7.2 You must promptly raise a credit note if a Customer is entitled to one.
Unless we have brought clause 7.3 into effect you must immediately
deliver the credit note to the Customer and include its details on your
next Client Advice. The credit note will be debited to the Receivables
Purchased Account.
7.3 We may at any time write and tell you either that no credit notes can be
despatched to your Customers without our prior consent or that any
credit notes must be sent to us for our consent before we then despatch
them.
7.4 Clauses 7.1 to 7.3 shall not affect those rights which we may have
because this Agreement has been breached.
8. OUR ACCOUNTS
8.1 The Notified Value of all Debts will be credited to our account known as
the "Receivables Purchased Account". The balance on this account is our
record of the prospective Purchase Price of Debts before any of the
deductions used under clause 4.1 to calculate the Purchase Price.

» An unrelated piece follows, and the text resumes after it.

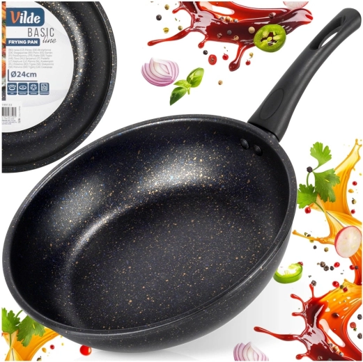 Praktikus, 24 cm átmérőjű gránit serpenyő a Basic Line sorozatból, amely tapadásmentes felületet kínál a minimális zsiradékkal való főzéshez, gyors és egyenletes sütést, valamint kényelmes fogást az ergonomikus nyélnek köszönhetően. Alkalmas gáz-, elektromos és üvegkerámia főzőlapokra (indukcióhoz nem megfelelő), és mosogatógépben mosható.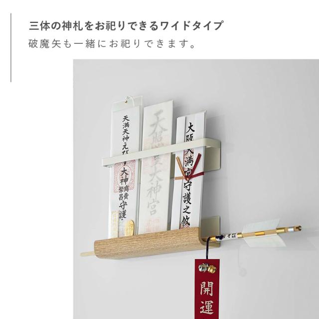 横に三体の神札を並べて、破魔矢もお祀りできるワイドタイプ。

8.2 You may also take Prepayments from us in respect of Debts credited to
the Receivables Purchased Account. These payments will be debited to
both the Receivables Purchased Account and to the Memorandum Discounting
Statement. The amount taken must not exceed either your Availability or
the Prepayment review level set by us from time to time. In our absolute
discretion we may permit payments in excess of the Availability or
Prepayment review level but subject to clause 9.8. Your Availability
will immediately be affected if any Debt later becomes an Ineligible
Debt.
8.3 We may debit the Receivables Purchased Account and the Memorandum
Discounting Statement with all other sums you owe us. If the debit
balance on the Memorandum Discounting Statement results in a negative
Availability you must immediately pay the excess to us without our
having to ask you.
8.4 The value of any Remittance received by us will be credited to the
Memorandum Discounting Statement with an effective date for calculating
discounting charges as follows:
8.4.1 if in cleared funds by electronic means to the specific account
we tell you for such purpose - the working day following the day
that we actually obtain an advice from our bank that they have
received the Remittance;
8.4.2 other Remittances paid into our bank account - four working days
after the date of lodgement by you of such Remittance, provided:
o for FacFlow users, you record the lodgement in FacFlow
on the same date it is made and tell us by means of a
FacFlow Transmission within such four working day
period. If your FacFlow Transmission takes place later,
the effective date for calculating discounting charges
will be the date of this transmission; or
o for non FacFlow users, we receive a duplicate bank
paying-in slip, duly stamped by the receiving bank,
within the four working day period. If we receive the
paying-in slip later, the effective date for calculating
discounting charges will be the date of such receipt.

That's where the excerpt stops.